Here we describe an integrated transdisciplinary platform, combining metabolomics, genetics, and genomics, to exploit the biochemical and genetic diversity of natural accessions of the model plant A. thaliana to uncover associations between genes and metabolites. Using this platform, we linked a differentially accumulating metabolite, identified through chemical analysis as N-malonyl-d-allo-isoleucine (NMD-Ile), to a previously uncharacterized gene identified as an amino acid racemase through reverse genetics and biochemical analysis.
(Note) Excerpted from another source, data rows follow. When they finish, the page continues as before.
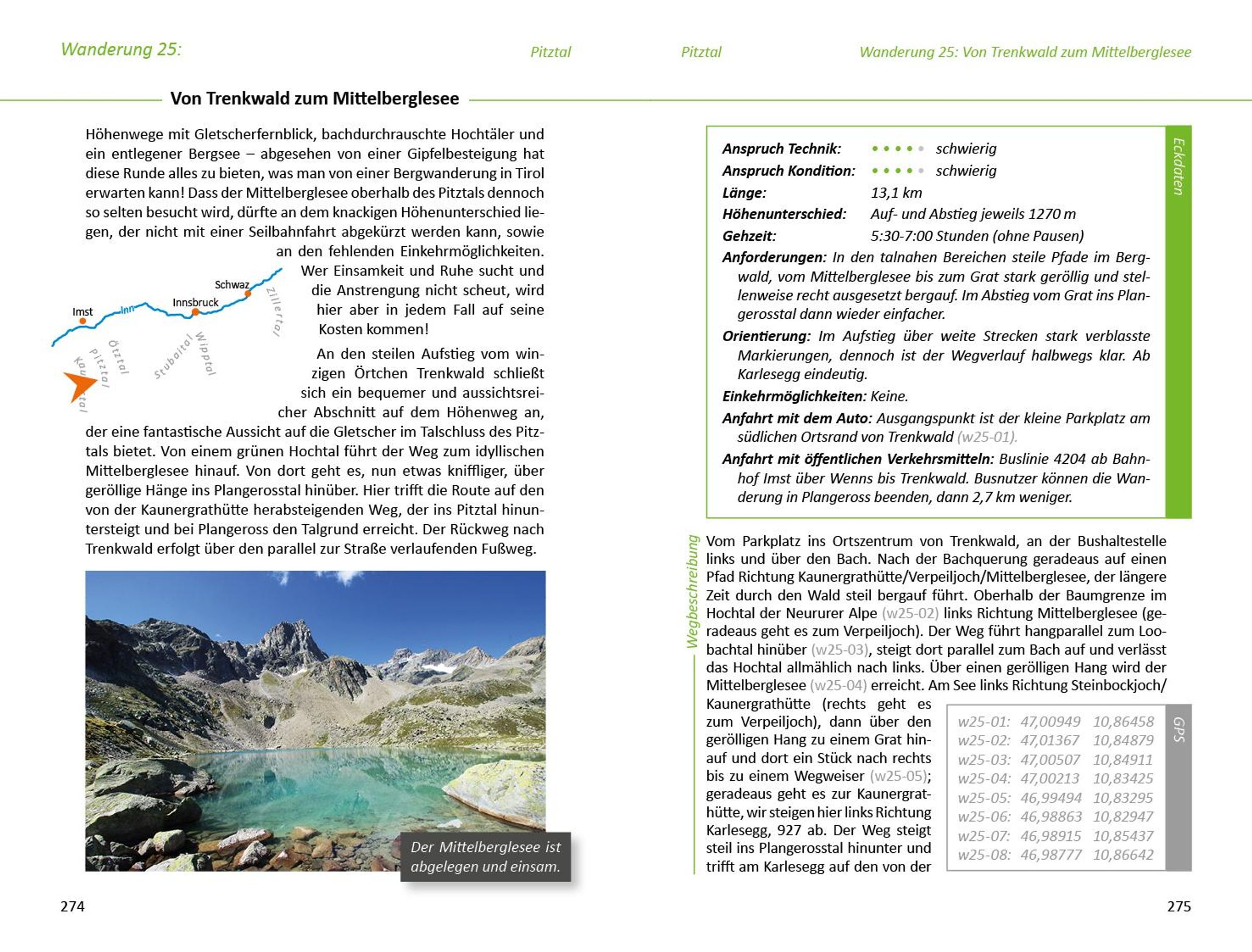 Dieser Reiseführer stellt alle interessanten Ortschaften und Ausflugsziele im Zillertal, Stubaital, Ötztal, Pitztal und Kaunertal mit vielen Fotos und Hintergrundinformationen vor, dazu die Stadt Innsbruck sowie alle kulturellen Sehenswürdigkeiten des Inntals. Die 32 schönsten und erlebnisreichsten Wandertouren der Region werden ausführlich beschrieben. Ein differenziertes Bewertungssystem gibt Auskunft über die Anforderungen, topografische Detailkarten und GPS-Daten bringen Sie auf den richtigen Weg. Mit den herausnehmbaren Tourenblättern haben Sie alle wichtigen Informationen unterwegs immer griffbereit!
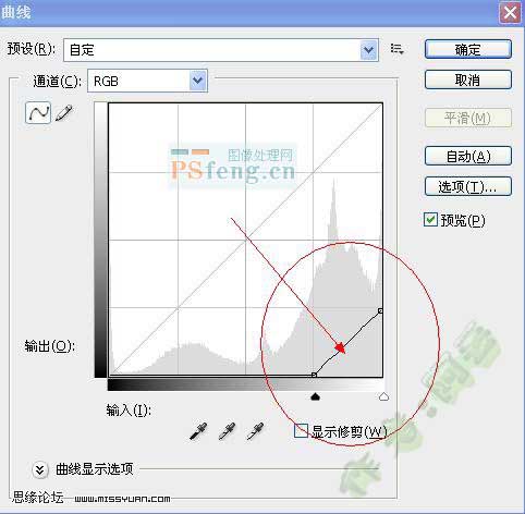 2、创建曲线调整图层参数设置如下图,确定后用黑色画笔擦出中间部分,掌握好透明,这样很重要,
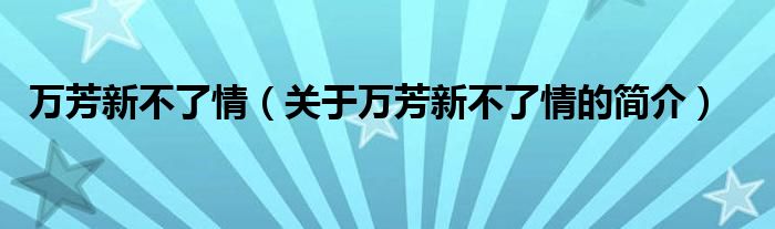 大家好,萬芳新不了情,關于萬芳新不了情的簡介很多人還不知道,現在讓我們一起來看看吧!

Amino acids exist in two forms; l-amino acids, the proteogenic form, and their enantiomorphs, d-amino acids. d-amino acids also play important structural and physiological roles in diverse life systems. In bacteria, d-amino acids confer cell-wall protease resistance and regulate cell-wall remodeling (9–11). d-amino acids were also found to be involved in signaling mechanisms in animal nervous systems and plant pollination (12, 13). Enzymes that catalyze the conversion of l-amino acids to d-amino acids are a class of isomerases known as amino acid racemases (14). Amino acid racemases are categorized into pyridoxal 5′ phosphate (PLP)-dependent and PLP-independent families. PLP-dependent racemases include AlaR, SerR, ArgR, and AspR and are found in both bacteria and eukaryotes, including mammals and plants. PLP-independent amino acid racemases include bacterial ProR, GluR, AspR, and diaminopimelate (DAP) epimerase. Except for DAP epimerase, which is required for the biosynthesis of Lys in bacteria and plants, ProR in Trypanosoma cruzi, the protozoan parasite responsible for Chagas disease, has been the only known eukaryotic PLP-independent racemase (15). The Arabidopsis amino acid racemase that we describe in this paper is a new member of the PLP-independent family, making its identification a significant addition to this class of enzymes.
Results
Genome Wide Association Analysis Revealed a Strong QTL for an Unknown Metabolite.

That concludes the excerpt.